Pretende-se neste artigo discorrer sobre a obra Vigiar e Punir, apresentando as
práticas do poder penal ao longo do tempo, cujas modalidades passam do
suplício físico individual à dominação legal e permanente da sociedade.
Evidenciar-se-á a mitigação da pena através do uso da disciplina como forma
de controle social. Procurar-se-á estabelecer relações entre a obra e as
perspectivas abordadas por Emile Durkheim, Karl Marx e Max Weber, com
vistas a estabelecer a legitimação do poder do Estado na sociedade. 

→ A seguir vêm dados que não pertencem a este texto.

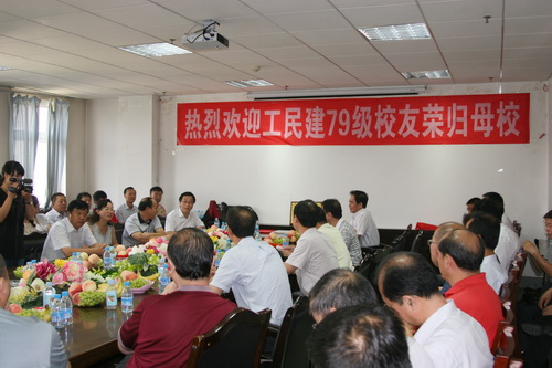 8月2日上午,公司工民建79级员工毕业三十年欢聚母校,和公司和土木公司领导进行了交流座谈,座谈会在金年会金字招牌诚信至上会议室举行。副董事长俞树荣教授、员工总会办公室主任李常锋、土木公司经理朱彦鹏教授、副经理韩建平教授、周勇副教授、王文达教授及79级工民建同学的任课教师等参加了座谈会。
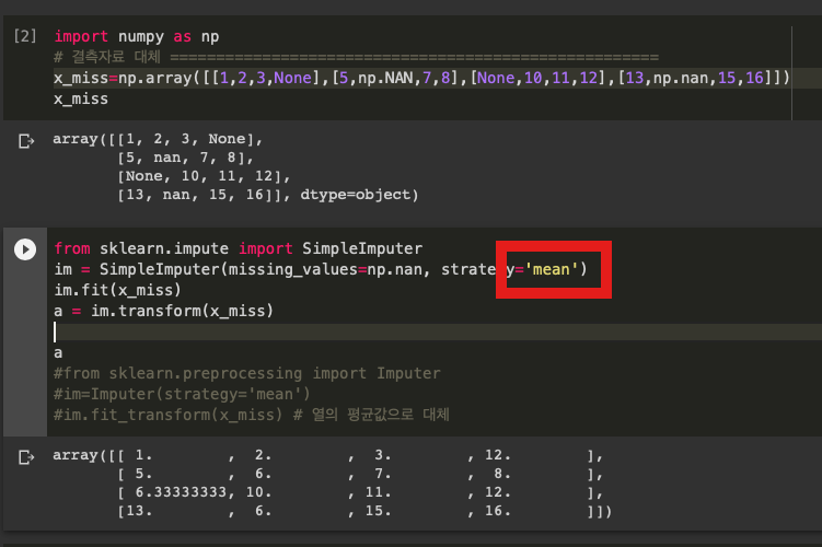 빨간 상자 부분을 바꿔서 평균, 중위수, 최빈수로 바꿀 수 있는데 각각 mean, median, most_frequent로 바꿀 수 있다

PALAVRAS-CHAVE: Disciplina. Controle Social. Estado.
O objetivo deste artigo é explorar a obra Vigiar e Punir de Michel
Foucault e, através da mesma, analisar as práticas de punição e vigilância
adotadas pelo poder estatal, dando ênfase à disciplina como instrumento de
controle social legítimo. 
Para embasamento, serão utilizadas as perspectivas dos sociólogos
Emile Durkheim, Karl Marx e Max Weber. 
Embora clássicos da Sociologia, os teóricos mencionados e seus
temas encontram parâmetro na atualidade servindo de base para analisar o
exercício do poder penal ao longo da História.
DO SUPLÍCIO À MITIGAÇÃO DAS PENAS
Em sua obra vigiar e Punir, Michel Foucault, mostra um movimento
histórico no sentido de eliminar penas cruéis em consonância aos princípios da
dignidade da pessoa humana, embora os fatos narrados demostrem que nem
sempre se pensou assim ou, ainda, que as mudanças tiveram cunho
meramente humanitário. 
Ao longo dos seus quatro capítulos a obra retrata o nascimento e a
evolução da prisão, ou, melhor dizendo, do poder penal e seus instrumentos de
punição, coerção e controle social.
A evolução do direito penal é apresentada por Foucault como uma
passagem - da punição do corpo para a punição da “alma” do condenado.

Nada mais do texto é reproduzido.